Seek closure in Kasab’s death as Pak will not act on 26/11
In her article An inconvenient truth (The Otherside, November 26), Ayesha Siddiqa rightly states that the judiciary in Pakistan doesn’t believe in reviewing itself. That’s why there hasn’t been any forward
movement in the 26/11 case from Pakistan’s side despite the fact that India has provided it with enough information on the attacks. Politicians in Pakistan do not have the courage to act against the masterminds of the Mumbai attacks. And with the Pakistani judiciary refusing to take note of India’s concerns, it’s clear that the perpetrators of 26/11 won’t have to worry about punishment. Therefore, sadly, some closure to the attacks will have to be sought in Ajmal Kasab’s hanging.
SD Sahay, Delhi
Don’t ignore the trouble within
I agree with the editorial Still not fully safe and secure (Our Take, November 26) that we feel unsafe even four years after the 26/11 Mumbai attack thanks to the many chinks in India’s security armour. I believe that we are not paying enough attention to threats arising from within India. While we are busy guarding our borders with Pakistan, the authorities concerned don’t seem to be doing anything to nab the assistants and informers of Pakistan-based terrorists.

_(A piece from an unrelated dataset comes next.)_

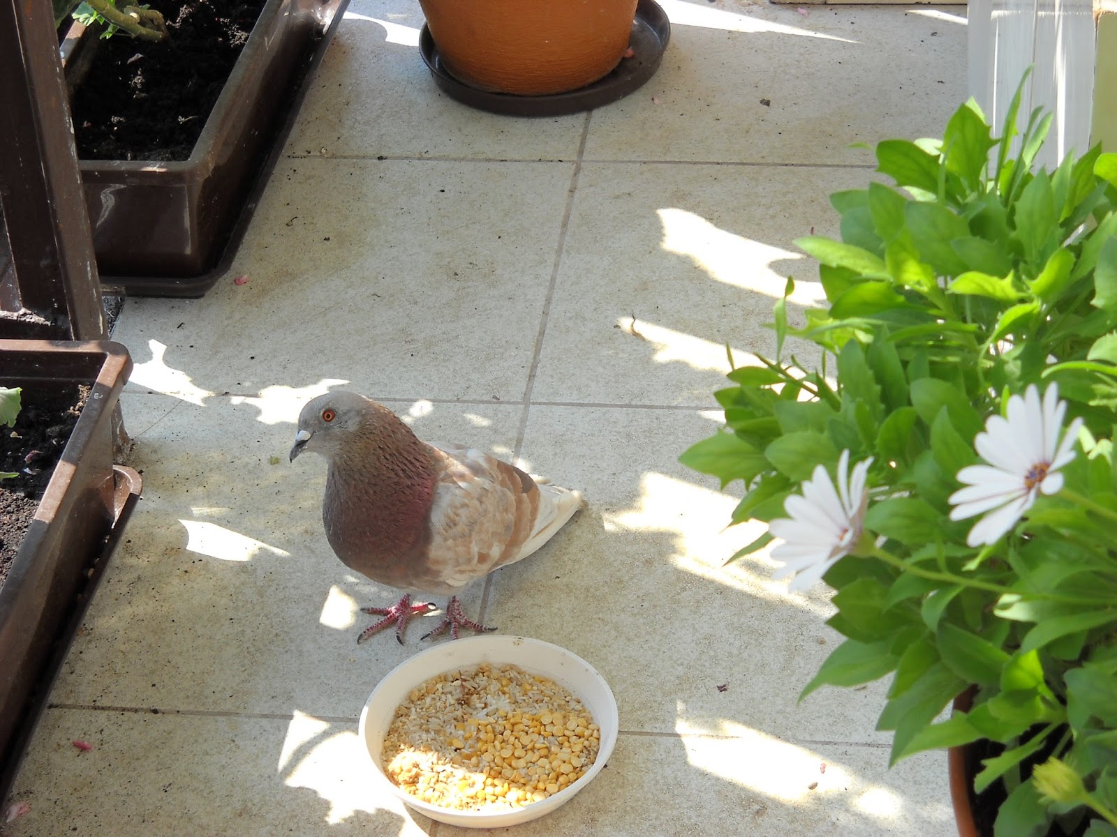 Gospodarz balkonu, gołąb Donek, śniadanko zajada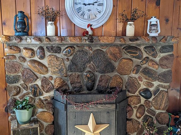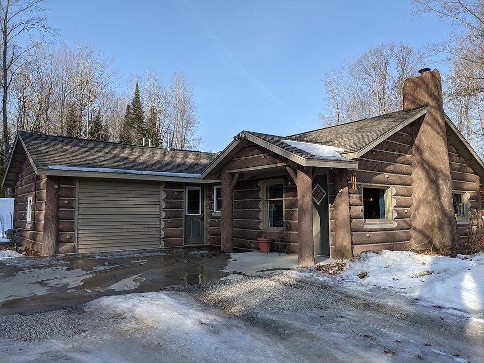 Home for sale in Atlanta MI on four acres with a shop, shed and horse barn. Perma log no maintenance exterior. The interior is beautiful tongue and groove and the kitchen and bath have been updated with gorgeous slow close grey cabinets, tile back splash and new counter tops. Lots of cupboards and kitchen space. The tiled bath has also been updated with a walk in tiled shower. The custom stone fireplace is a functional natural gas fireplace. The horse barn has three stalls and a tack room with cement floor. (pictures coming soon) There is a shop and another building that has lots of possibilities. All this on a county maintained road. Seller will be allowing showings through the weekend and in case of multiple offers will be making a decision on Monday 3/15/21

Kiran Sabharwal, via email
All's not lost for Dhoni and Co
Mahendra Singh Dhoni’s second Test defeat at home is a bleak reminder of the fact that Team India is no more a world-class Test Team (Home pitch, tame show, November 27). The famed batting line-up and spinners were a letdown. It is high time that Dhoni and his boys realised that they can no longer cash in on the home advantage. However, all’s not lost for the team as it can still bounce back to form.